User-based CF finds neighbors with similar rating histories and recommends items those neighbors liked. Item-based CF flips the perspective: “users who bought X also bought Y,” computed via cosine similarity between item columns. Item-based CF scales better for large catalogs because item vectors change slowly and can be precomputed.

Matrix factorization

Latent-factor models decompose the sparse matrix into low-dimensional user embeddings and item embeddings. If user u has vector pu and item i has vector qi, the predicted score is the dot product pu · qi (plus biases). Training minimizes squared error on observed entries — classic algorithms include alternating least squares (ALS) and stochastic gradient descent on sampled (user, item, rating) triples.

Matrix factorization captures hidden taste dimensions (“prefers atmospheric indie films”) without hand-labeling them. It struggles when interactions are extremely sparse or when item catalogs shift rapidly — which is why large platforms moved to neural extensions while keeping the embedding intuition from deep learning fundamentals.

Content-based filtering: item features and user profiles

Content-based recommenders describe each item with features — genre tags, price band, text embeddings of descriptions, image CNN features — and build a user profile as a weighted average of items they engaged with. Recommendations score unseen items by similarity to that profile (cosine distance, learned linear model, etc.).

Content-based methods shine when:

  • The catalog is new or niche and interaction data is thin (cold start).
  • Explainability matters (“because you read articles about Kubernetes”).
  • You must avoid recommending items a user has already consumed.

Weakness: filter bubbles. If a reader only sees more of what they already like, discovery stalls. Hybrid systems inject diversity, trending items, or exploration slots to counter this — a product decision as much as a modeling one.

Hybrid and deep learning recommenders

Modern production stacks rarely pick one family. A typical architecture:

  1. Candidate generation — cheaply retrieve hundreds or thousands of plausible items (collaborative embeddings, content similarity, co-visit graphs, geographic proximity).
  2. Ranking — a heavier model scores and orders the shortlist using rich features: user demographics, session context, item freshness, cross-features (“user segment × category”).
  3. Re-ranking — business rules, diversity constraints, deduplication, and exploration slots applied last.

Two-tower models

The two-tower architecture is the workhorse of large-scale retrieval. One neural network encodes the user (history, profile, context); another encodes the item (attributes, text, image). Training pulls positive pairs together and pushes negatives apart (contrastive or sampled-softmax loss). At serving time, item vectors are precomputed and stored in a vector database for approximate nearest-neighbor lookup — the same retrieval primitive used in hybrid search and RAG pipelines.

Sequential and session models

For feeds where order matters (e-commerce sessions, short-video apps), recurrent or transformer encoders model the sequence of recent events.
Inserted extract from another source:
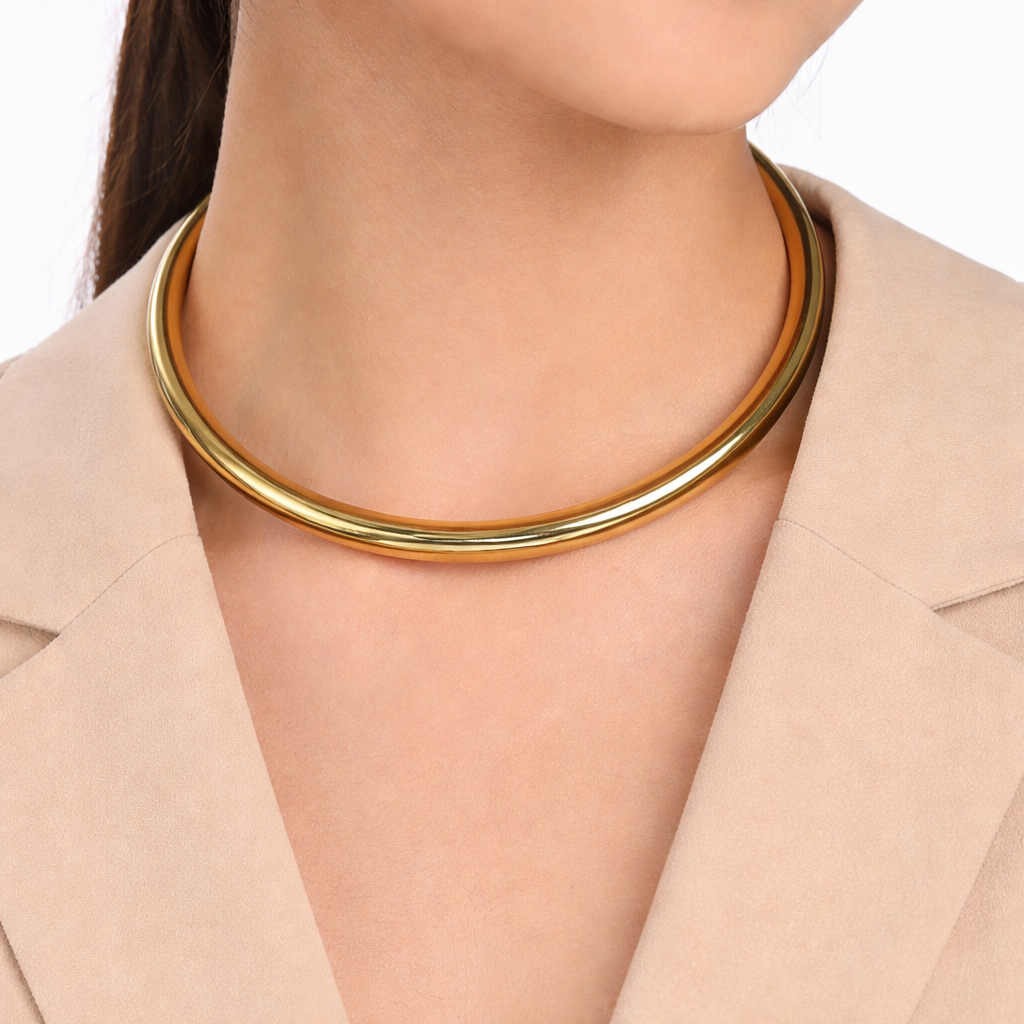 This elegant 18K Gold plated necklace showcases a bold design with a smooth finish, perfect for adding a touch of sophistication to any outfit. Its versatile style makes it an ideal accessory for both formal occasions and parties, allowing you to elevate your look effortlessly.
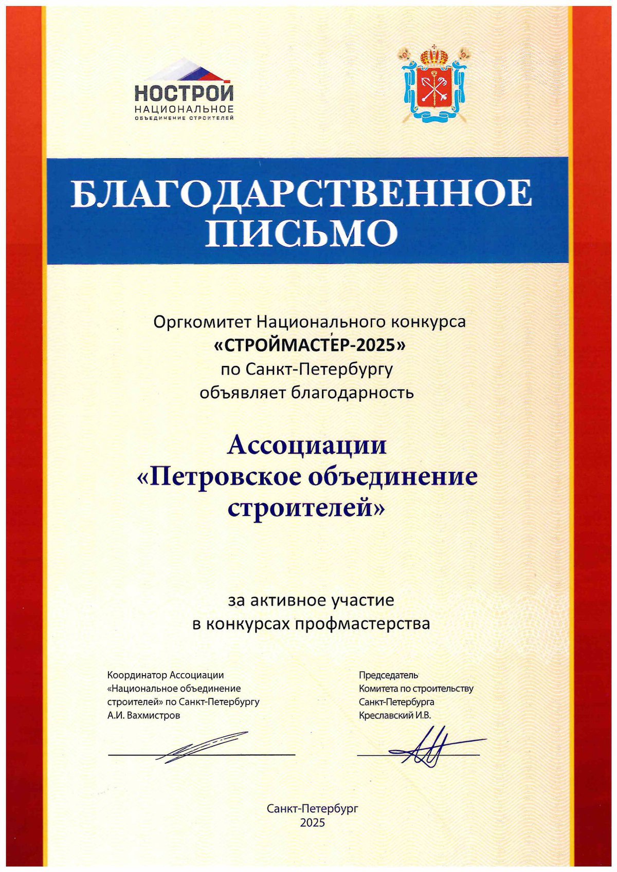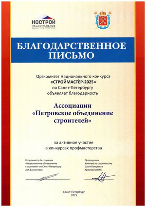 В 2025 году конкурсное движение привлекло к участию 200 профессионалов, которые показали свое мастерство в различных строительных специальностях. Награды получили 80 специалистов и руководителей организаций в номинациях «Лучшая бригада», «Лучший по профессии», «Лучшая СРО по работе с рабочими кадрами», «Лучшее предприятие стройиндустрии», «Лучший руководитель строительной компании, внесший личный вклад в повышение престижа рабочей профессии», «Ветеран строительной отрасли Санкт-Петербурга», «Лучшее учебное заведение по подготовке рабочих кадров», «Лучшее СМИ, освещающее вопросы профобразования», «Лучшая социально- ответственная компания».

The next-item prediction objective resembles language modeling: given items i1, i2, …, it, predict it+1. Session-aware models outperform static user embeddings when tastes shift within a single visit.

The cold-start problem

Cold start hits when a new user, new item, or new platform lacks interaction history:

  • New user — fall back to popularity baselines, onboarding preference picks (“pick three genres”), or demographic defaults until enough events accumulate.
  • New item — lean on content features and editorial placement; boost fresh items temporarily (exploration) so they can earn impressions and gather data.
  • New platform — import transfer signals (social graph, search logs) or seed with curated lists until the interaction matrix densifies.

A common mistake is training only on power users. Their behavior dominates gradients; casual visitors get poor recommendations and churn before you collect data. Stratified sampling and propensity scoring help correct popularity bias — techniques aligned with validation discipline in classical ML.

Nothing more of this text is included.